Yet another way of enhancing performance would be to reduce the ‘noise’ in the tuning curves of a given cell through more precise, consistent firing of that cell. When the difference in responses to preferred and non-preferred stimuli can be as little as a few spikes per trial, it may be difficult to determine whether the response on a given trial was a poor response to a preferred stimulus or a strong response to a non-preferred stimulus. Consistent, well-timed responses can be generated when spikes are phase locked to an oscillation. If oscillations are, in turn, evoked in response to a stimulus, reliable spike timing and rate can be realised. In the olfactory systems of locusts, precisely such a mechanism has been observed (figure 1g; Stopfer & Laurent 1999). It remains to be seen whether neurons in IT show any timing effects with learning, or if any oscillations develop.

Though inconclusive, it is perhaps of interest that the activation in IT, which is typically analysed as a rate code value, often includes early transient responses.
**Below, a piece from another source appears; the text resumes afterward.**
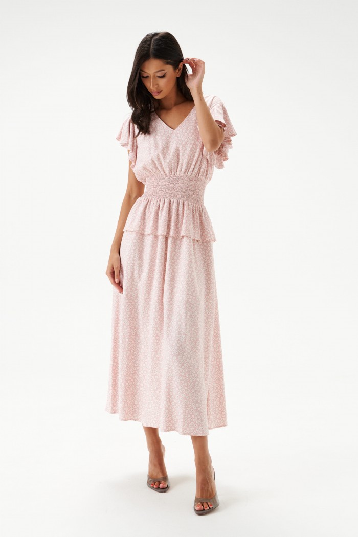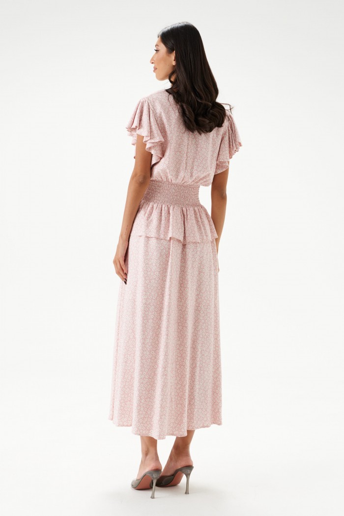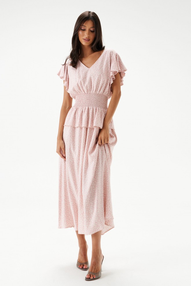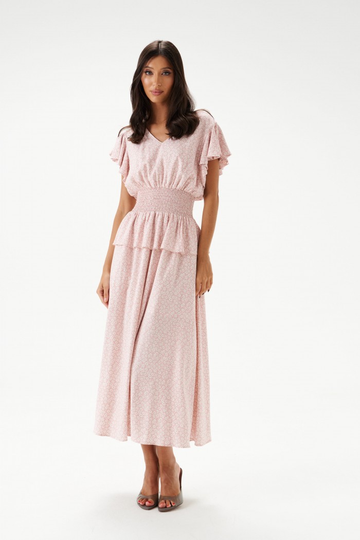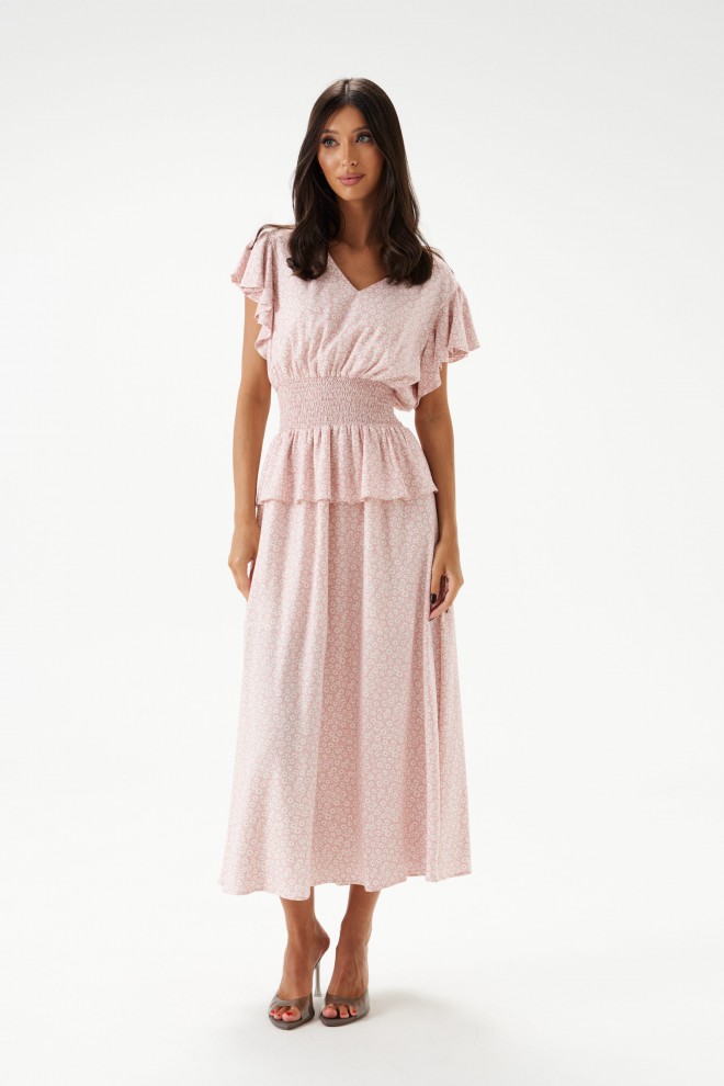 Платье-макси. Выполнено из мягкой струящейся ткани нежно-розового цвета с цветочным принтом. С подкладкой. Вырез горловины V-образный. Рукав-волан втачной. Спинка закрытая. Пояс – венгерка. От пояса баска-волан. Юбка свободного кроя, с подкладкой. Платье без застёжки. Длина платья 129 см

These early responses may be critical for accounts of rapid perception. Monkeys are able to discriminate categories of images by generating the correct manual response around 170–180 ms after stimulus onset (Fabre-Thorpe et al. 1998), yet typical onset latencies in IT are approximately 100 ms and rate code values are calculated in windows that end hundreds of milliseconds after these manual responses have occurred. Selective responses to faces (Oram & Perrett 1992) or various objects (Hung et al. 2005) can be observed as early as 5–13 ms after the onset of the responses in IT. Often, the initial response includes a transient ‘peak’ and this has been shown to contain information about category membership (Freedman et al. 2003). This means that the first 1–2 spikes of a response could provide sufficient information about the stimulus to make perceptual or categorical judgments, consistent with evidence that information may be conveyed in the timing of IT responses (Optican & Richmond 1987; Richmond & Optican 1987; Richmond et al. 1987). Oscillatory activity is but one means of accomplishing this, and there is relatively little information about the role oscillations play in IT responses. It is, however, intriguing to note that the population responses in IT to familiar objects show approximately 8Hz ‘rebounds’ of activity not seen for the population response to novel objects (Freedman et al. 2006, fig. 8). In general, though, the role of oscillations or spike timing on the neural basis for object recognition awaits further investigation.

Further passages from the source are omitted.